On the evening of July 4, Volodymyr Zelenskyy spoke with Donald Trump not only as the leader of an allied country. He was appealing to the political center without which no formula for ending Russia’s war against Ukraine can carry enough weight. That is why the key word after the call was not “mediation,” but “resolve.”
This distinction matters. Kyiv is not asking Washington simply to bring the sides to the negotiating table. Ukraine needs American power strong enough to convince Moscow that continuing the war will cost more than moving toward a real settlement. Without that, any peace initiative risks becoming a polished phrase against the backdrop of a 1,200-kilometer front line.
Zelenskyy described the call with Trump as very good. It covered the battlefield, diplomacy, gratitude for assistance, the legacy of Javelins and Patriot systems, and an agreement to continue the discussion at the NATO summit in Ankara. Together, these elements formed a single message: Kyiv wants peace, but not peace purchased through Ukrainian weakness.
According to Daycom’s analysis, the conversation brought a simple and hard formula back to the center of Ukrainian diplomacy: a war ends not when the desire to speak about peace appears, but when the aggressor loses faith in the benefits of further aggression. That is precisely where the U.S. role remains decisive.
For Trump, Ukraine offers a chance to show results where earlier peace efforts became trapped between Kremlin demands, Kyiv’s distrust and European caution. Yet the speed he has long valued could become a weakness if the White House confuses ending the war with merely freezing it.
Zelenskyy speaks of a “real prospect” of ending the war, but that prospect does not exist apart from weapons, air defense, sanctions, defense funding and NATO’s political unity. For Ukraine, diplomacy makes sense only when it is backed by the ability to protect cities, hold the front and prevent Russia from dictating terms from a position of force.
American assistance over the years of full-scale war has become part of Ukraine’s military architecture. Javelins in the first months of the invasion, Patriot systems during waves of missile terror, and political support in Congress and the White House have shaped not only Ukraine’s defense capacity, but also the sense that the country has not been left alone against Russia’s war machine.
That is why Zelenskyy’s gratitude to Americans on U.S. Independence Day was not protocol courtesy. It sounded like a political reminder: Ukraine’s struggle belongs to a wider space of freedom, where American historical memory has practical rather than ceremonial meaning. The freedom celebrated on July 4 is tested in Ukraine every day by missiles, drones and artillery.
The symbolic scene in Kyiv sharpened that message. The Motherland Monument, lit in the colors of the American flag, became not a decoration but a language of wartime diplomacy.

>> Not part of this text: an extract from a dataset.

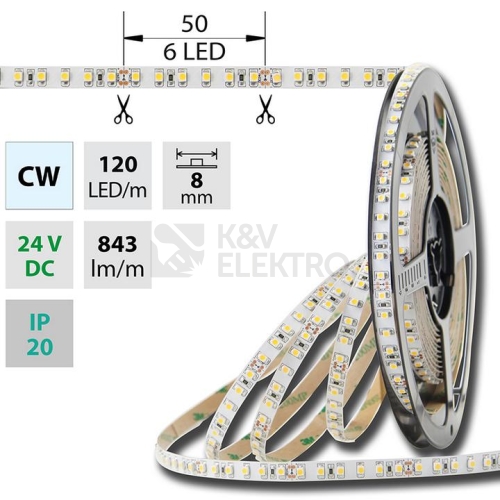 LED pásek SMD3528, studená bílá (6000K), 9,6W, 120LED, 843lm/m, segment 50mm, 6LED/segment, IP20, DC 24V, životnost 54000h, šíře 8mm, bílý PCB pásek, max. délka pásku při jednostranném zapojení: 8m, opatřen samolepící páskou 3M, UV stabilní.

Ukraine expressed gratitude, while also reminding its partners that support must continue because the price of a pause is measured not in approval ratings, but in lives.
In this context, the coming NATO summit in Ankara carries particular weight. For Zelenskyy, it may become the venue where a phone call turns into concrete decisions. For Trump, it will test whether he can connect his promise of quick peace with the reality of a war in which Russia has shown no readiness to abandon its imperial logic.
Kyiv will continue to insist that negotiations are possible, but not at the expense of Ukraine’s territorial integrity. A ceasefire that merely fixes occupation does not solve the problem; it postpones it until the next strike. Peace without security guarantees, accountability and the restoration of justice would not be the end of the war, but its new form.
Moscow benefits from a different scenario: exhausting the West, pushing Ukraine to accept “realities on the ground” and turning occupied territories into bargaining assets. That is why Ukrainian diplomacy keeps returning to the language of strength — not as an alternative to peace, but as its condition.
In this structure, Trump can become not merely a mediator, but a political lever. His influence matters not because he can settle the war alone with the Kremlin, but because the United States can change the balance of expectations. Moscow is counting not only missiles and shells, but also Washington’s political endurance.
Zelenskyy understands this, which is why his tone is precise. He does not issue an ultimatum to America, reject diplomacy or frame the war as hopeless. On the contrary, he speaks of a chance. But that chance is tied to American resolve — to the ability to act consistently when the Kremlin tests the West for fatigue.
The call did not produce a peace plan. It created a framework in which such a plan may either gain substance or dissolve again into generalities. Ukraine signaled readiness for diplomacy, but also marked a red line: the path to peace cannot run through rewarding aggression.
The central question now is not whether Trump wants to end the war. It is what kind of peace he is prepared to treat as success. If it is a peace backed by Ukraine’s defense, pressure on Russia and NATO unity, diplomacy may have a chance. If the goal is only the quick political image of a deal, Ukraine will see not an end to the war, but a dangerous pause before its continuation.